Collected data
============

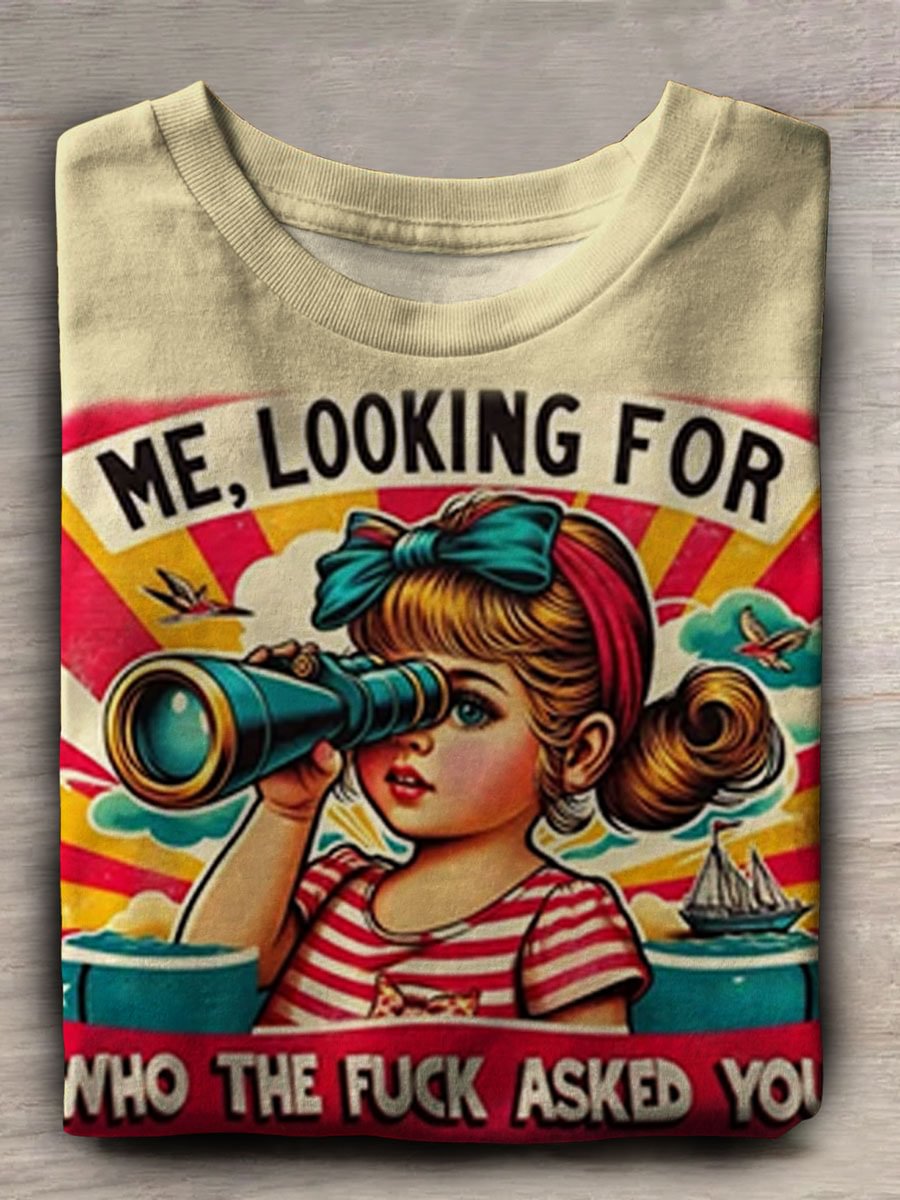 Women's Vintage Print Casaul Crew Neck T-shirt
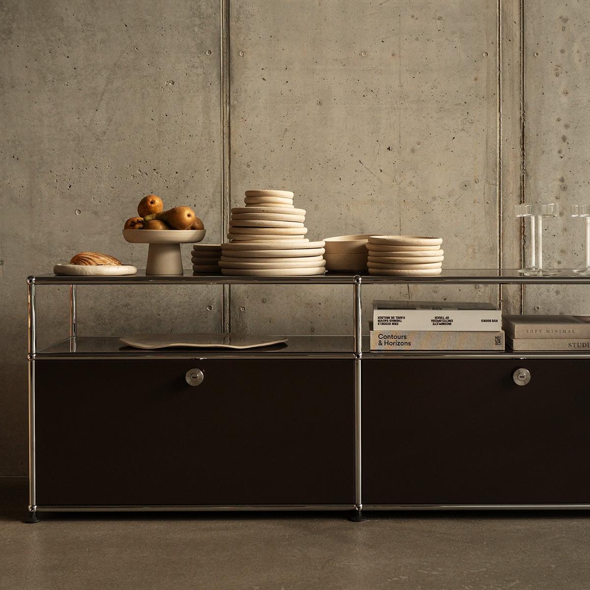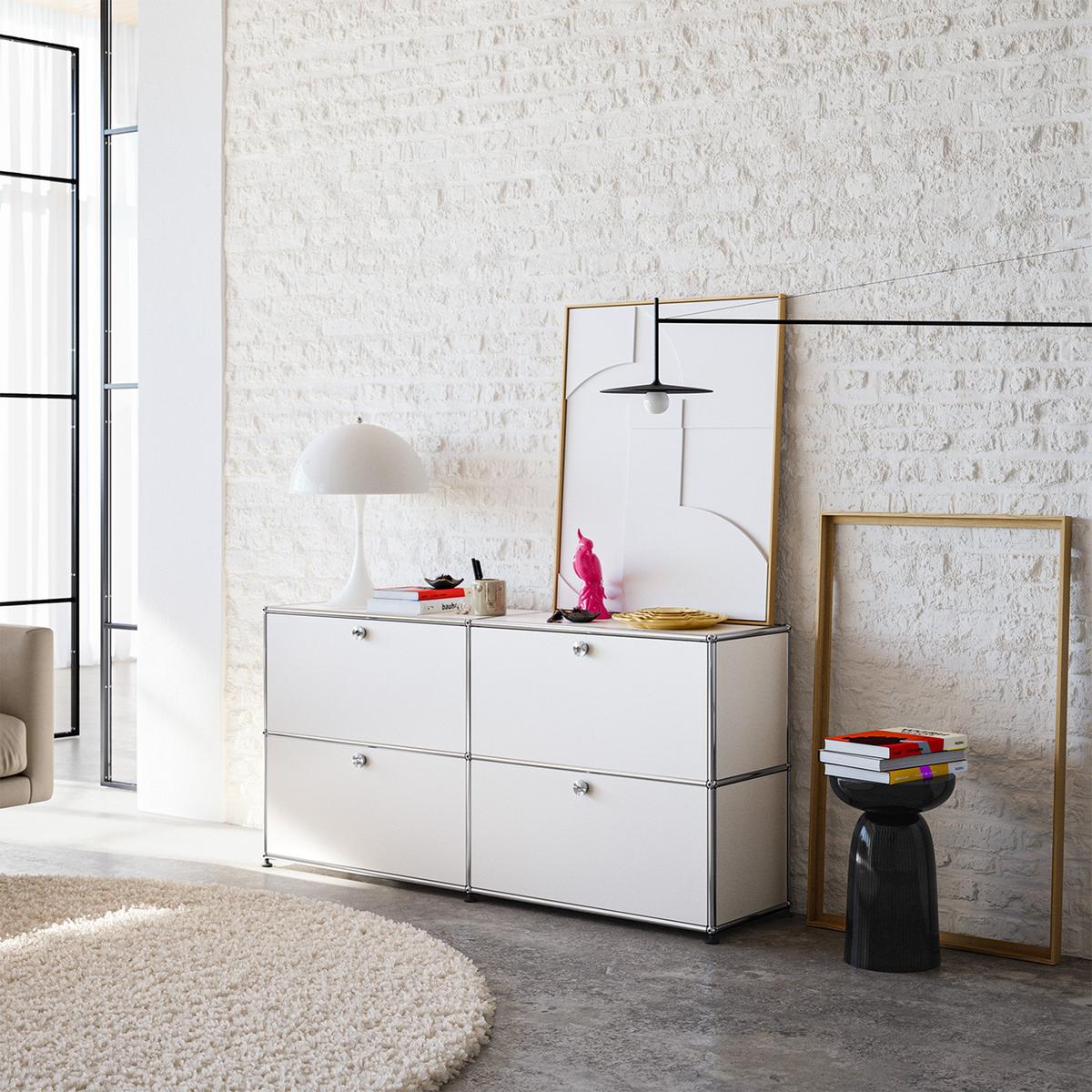 Eine häufige Frage lautet: Welche Möbel passen zu USM Haller Regalen? Die Antwort: Fast alle Oberflächen und Einrichtungsstile lassen sich mit den chromfarbenen Möbeln kombinieren. Die schlichte Eleganz eines USM Haller Metallmöbels harmoniert hervorragend mit Design- und Vintage-Möbeln. Probieren Sie verschiedene Kombinationen aus und lassen Sie Ihrer Kreativität freien Lauf.
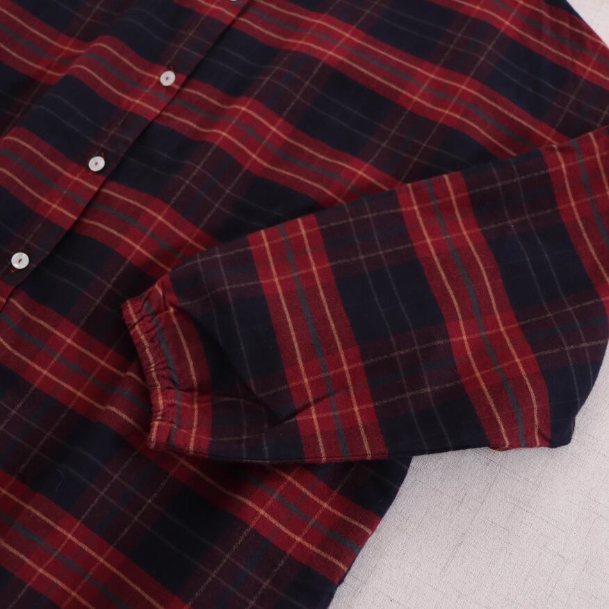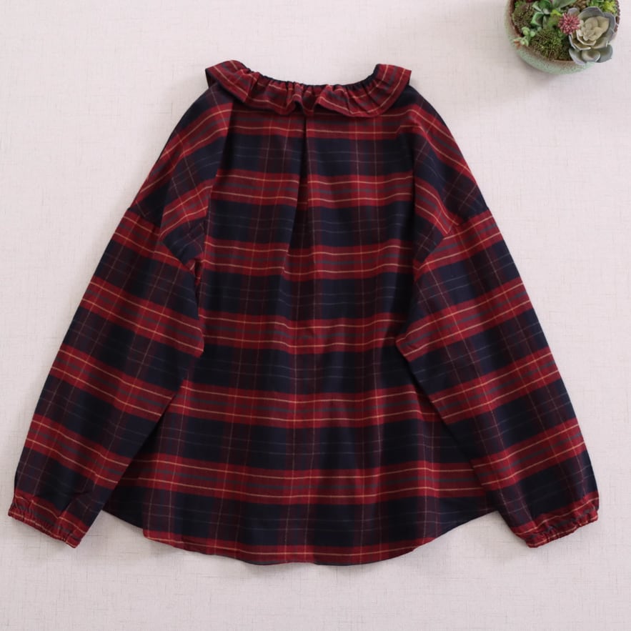 ラウンドネックレトロチェック柄ブラウス ・8142
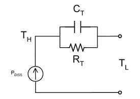 該模擬可以深入進(jìn)行,以描述器件的另一個(gè)熱屬性,稱之為熱容。正如將熱阻模擬為電阻,可以將熱容(CT,單位為J/℃)模擬為電容。將熱容與熱阻并聯(lián)獲得熱阻抗(ZT)。圖1所示為傳導(dǎo)傳熱的簡(jiǎn)化RC模型。能源被模型化為電流源,熱阻抗被模型化為CT與RT并聯(lián)。
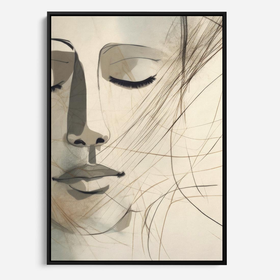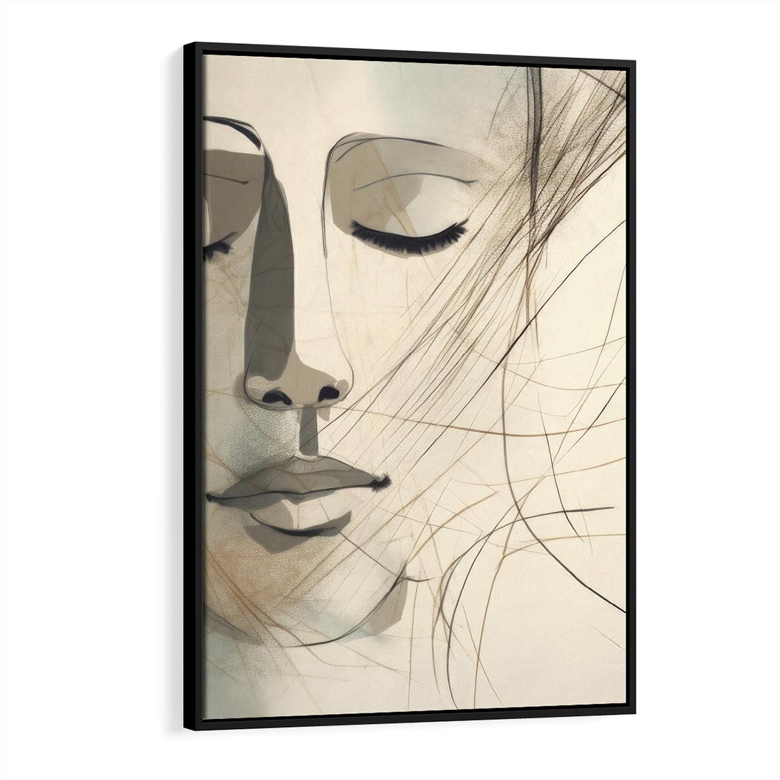 Ten obraz przedstawia twarz kobiety z zamkniętymi oczami wykonaną techniką akwareli. Szkic w neutralnych beżowych kolorach dodaje kompozycji delikatności i subtelnego piękna. Obraz emanuje spokojem i elegancją, przenosząc widza w refleksyjny nastrój. To artystyczne dzieło doskonale pasuje do nowoczesnych wnętrz, nadając im wyjątkowego charakteru.
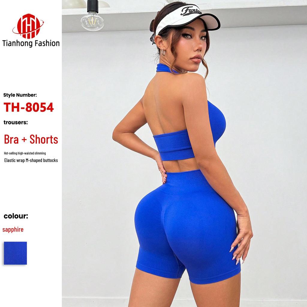2025 Euro-Amerikanisches Nahtloses Geripptes Yoga-Set: Wunderschöner Rücken Sport-BH & High Waist Shorts
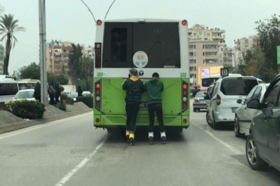 Adana’da patenli iki gencin otobüsün arkasına asılarak yolculuk yapması dikkat çekti.
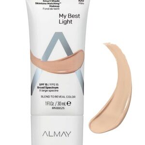 Almay foundation featuring Tonemic Technology. Starts off white and blends to a beige shade. Lightweight liquid formula.
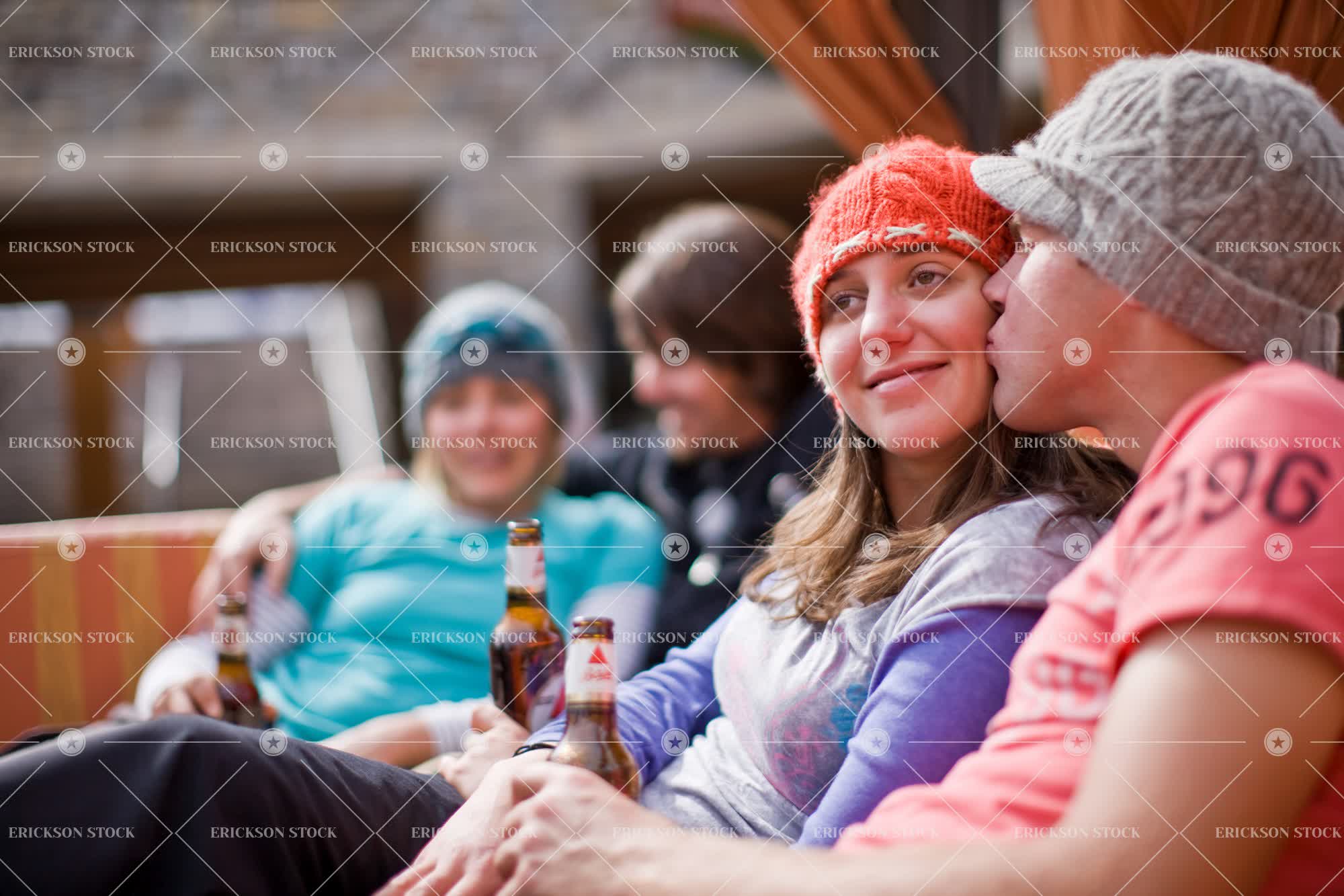 Tags adult, affectionate, alcohol, arm around, beanie, beer, beer bottle, bottle, brunette, caucasian, comfort, couch, couple, day, drink, enjoyment, female, friend, friends, friendship, Furniture, group, half length, happiness, happy, hat, hats, heterosexual couple, heterosexual couples, holiday, holidays, horizontal, kiss, Kissing, knit hat, knitted hat, lodge, lodges, lounge suite, lounge suites, love, loving, male, man, outdoor, outdoors, outside, partner, patio, patios, person, relationship, relationships, relax, Relaxation, relaxed, relaxes, relaxing, resort, resorts, selective focus, settee, sit, sitting, ski holiday, ski lodge, ski lodges, ski resort, ski resorts, ski wear, small group of people, smile, smiling, Sofa, sofas, together, togetherness, tourist destination, tourist destinations, travel, travel destination, travel destinations, Vacation, vacations, waist up, warm clothes, warm clothing, woman, young adult

============

*Task goal:* Repeat only the lines between the top of the entries above and the line containing "Almay foundation featuring", both ends included, without the pictures.

*Reply:*
 Women's Vintage Print Casaul Crew Neck T-shirt
 Eine häufige Frage lautet: Welche Möbel passen zu USM Haller Regalen? Die Antwort: Fast alle Oberflächen und Einrichtungsstile lassen sich mit den chromfarbenen Möbeln kombinieren. Die schlichte Eleganz eines USM Haller Metallmöbels harmoniert hervorragend mit Design- und Vintage-Möbeln. Probieren Sie verschiedene Kombinationen aus und lassen Sie Ihrer Kreativität freien Lauf.
 ラウンドネックレトロチェック柄ブラウス ・8142
 該模擬可以深入進(jìn)行,以描述器件的另一個(gè)熱屬性,稱之為熱容。正如將熱阻模擬為電阻,可以將熱容(CT,單位為J/℃)模擬為電容。將熱容與熱阻并聯(lián)獲得熱阻抗(ZT)。圖1所示為傳導(dǎo)傳熱的簡(jiǎn)化RC模型。能源被模型化為電流源,熱阻抗被模型化為CT與RT并聯(lián)。
 Ten obraz przedstawia twarz kobiety z zamkniętymi oczami wykonaną techniką akwareli. Szkic w neutralnych beżowych kolorach dodaje kompozycji delikatności i subtelnego piękna. Obraz emanuje spokojem i elegancją, przenosząc widza w refleksyjny nastrój. To artystyczne dzieło doskonale pasuje do nowoczesnych wnętrz, nadając im wyjątkowego charakteru.
2025 Euro-Amerikanisches Nahtloses Geripptes Yoga-Set: Wunderschöner Rücken Sport-BH & High Waist Shorts
 Adana’da patenli iki gencin otobüsün arkasına asılarak yolculuk yapması dikkat çekti.
 Almay foundation featuring Tonemic Technology. Starts off white and blends to a beige shade. Lightweight liquid formula.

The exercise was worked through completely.